For white Americans, this is an unfortunate attitude. For black Americans, it is a detrimental attitude. The difference is that white America's history is presented as glory-filled, positive affirmations of the many successes of white Americans. Unfortunately, black Americans must rummage through whitewashed white history and whitewashed or half-told black history in order to find the glory-filled, positive affirmations of the many successes of black Americans.
Black America's history goes a long way toward "explaining" black Americans of today? In 1619, 380 years ago, Slavery began in what would become the United States of America. For 246 of those 380 years, black Americans lived in Slavery. 103 years consisted of the Jim Crow era. And it has been only the last 30 years that black Americans have lived in what Project 2019 calls the "Equal Opportunity era." Broken down by percentages, black Americans have spent 65% of their American tour in Slavery, 27% subjected to Jim Crow racism, and 8% playing on a level playing field.
Based on these percentages, if black America's history were personified as an individual twenty-three year old black man, it would be comparable to him having spent the first fifteen years of his life continuously being physically, mentally, and sexually abused. For the next six years, until the age of twenty-one, he would have been unloved and unsupported as he moved in and out of foster homes and halfway houses. In his twenty-second and twenty-third years, he would be on his own. He would have very little education and few marketable skills. However, his greatest problem would be the tragic, trauma-filled life he had led. Without a great deal of understanding and meaningful counseling, his life would be difficult, if not impossible, to repair.
In total, ninety-two percent of the time that blacks have
been in America they have lived in slavery or under conditions only a level
above slavery. Clearly, the reality of these numbers is that slavery and oppression
define black America. Black Americans must understand and acknowledge that,
even in 1999, slavery and oppression "explain" black Americans as
There will always be black Americans who will argue that a better approach is to simply let go of the past and move forward into the new Equal Opportunity era. Undoubtedly, a similar argument was made to the many Jewish survivors of their Holocaust who refused to have the identification numbers tattooed on their arms removed. Admittedly, it may be easier to forget or less painful to learn to ignore trauma suffered in the past. But can black Americans afford to take this approach? Is it possible for black Americans to get to where they need to be if they do not even know where they have been?
There will also be black Americans who will be uncomfortable, if not offended, by the notion that black America needs to be "examined and explained." Their point of view might be justified if the only intent was to look for negatives about black Americans or the only expectation was to find things that are wrong with black America. There are, in fact, many more positive aspects than negative aspects about black America and black Americans. The most obvious and most dramatic is that black America has survived as a people through such a long and precarious history. In any case, any self-assessment is pointless if it is not thorough or brutally honest. And any self-assessment of black America is certainly of little or no value if it is not expressly for the purpose of making a better future for black Americans.

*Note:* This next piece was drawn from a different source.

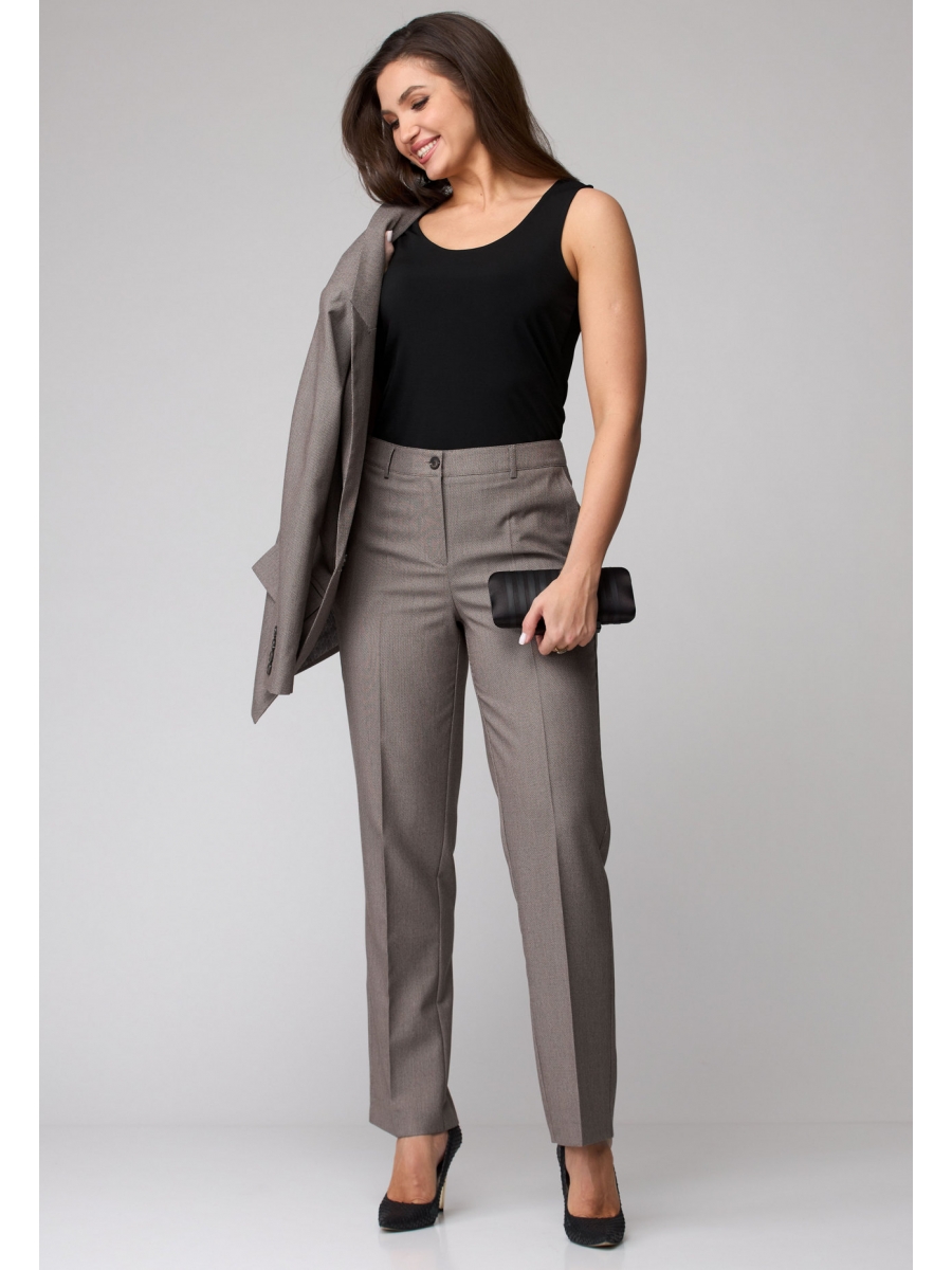 Брюки прямые, классические, с заутюженными стрелками, по переду обработаны карманы с отрезным бочком, застежка на тесьму-молнию и 1 пуговицу. На задних половинках обработаны вытачки и имитация карманов с листочкой, пояс в брюках притачной.

Finally, it should be obvious that any explanation of black America should be by black Americans, for black Americans. Black America has no reason and certainly no obligation to explain itself to white America. Besides, given the fact that racism and oppression defines and explains much of the history of white America, white Americans clearly have their own corresponding issues that they should be busy examining. In any case, at this point, it is not important what white America thinks of black America. It is only important what black America thinks of itself.
Okay, that is enough of a history lesson for now, or more to the point, the reason why black Americans need to invest the time and effort required to learn the history of black America. The point will be made even more obvious as we continue on with the subject of "black unity."
I suspect that most of you received, applied for, or at least, were eligible for some type of major or minor scholarship when you first began your college careers. There are thousands of companies and organization that provide scholarship money specifically to black Americans. Hundreds of black athletes and celebrities have their own scholarship fund. A number of private citizens have scholarship funds in honor of deceased loved ones. And almost all black churches have some type of education ministry that give college-bound high school graduates $100, $200, $500, or whatever they can afford.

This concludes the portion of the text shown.